======== Source material ========

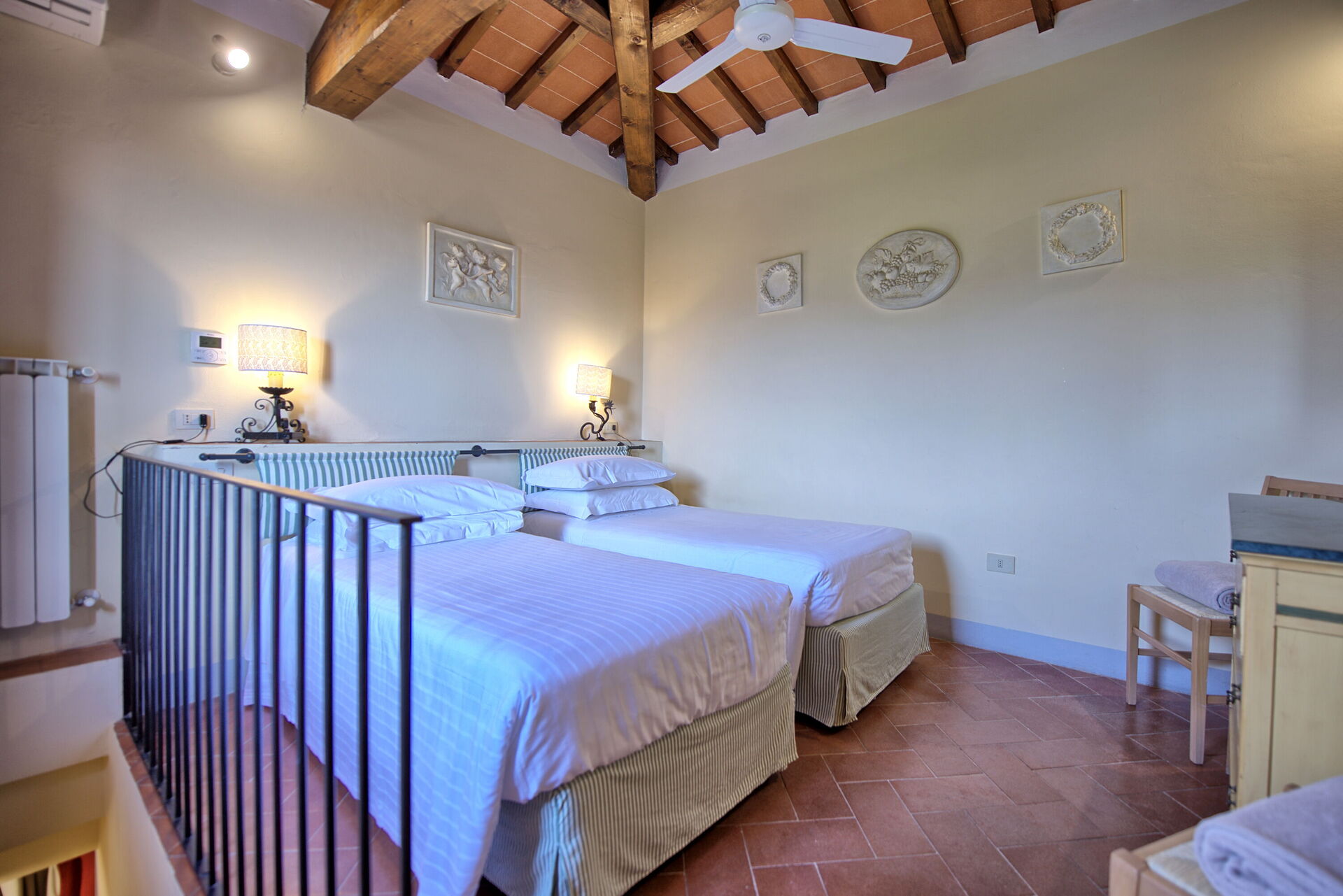 20 steps up (from the living room) bedroom with 2 single beds (air conditioning and ceiling fan)
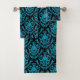 Turquoise and Black Damask Print Towel Set Towel Set. Turquoise blue green vintage style damask pattern on black towels.
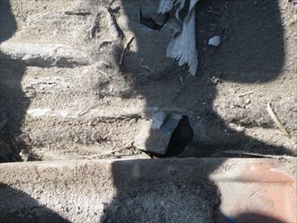 漆喰(しっくい)が剥がれて土が剥き出しになると、雨水で削れて棟が崩れてしまう事になります。瓦の下に葺いてある防水紙(ルーフィング)には20年~25年の寿命がありますので、直さなければならない所は結構あります。
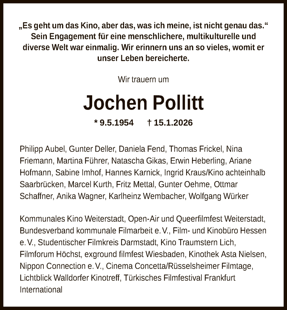 Hier finden Sie alle Traueranzeigen aus der Zeitung, die bisher für Jochen Pollitt erschienen sind. Weitere Traueranzeigen, die in der Zeitung erscheinen, werden hier ebenfalls aufgelistet

========

§ **The problem**:
Copy word for word every line from the start of the material through the line holding "漆喰(しっくい)が剥がれて土". The pictures are not part of the copy.

§ **Answer**:
 20 steps up (from the living room) bedroom with 2 single beds (air conditioning and ceiling fan)
 Turquoise and Black Damask Print Towel Set Towel Set. Turquoise blue green vintage style damask pattern on black towels.
 漆喰(しっくい)が剥がれて土が剥き出しになると、雨水で削れて棟が崩れてしまう事になります。瓦の下に葺いてある防水紙(ルーフィング)には20年~25年の寿命がありますので、直さなければならない所は結構あります。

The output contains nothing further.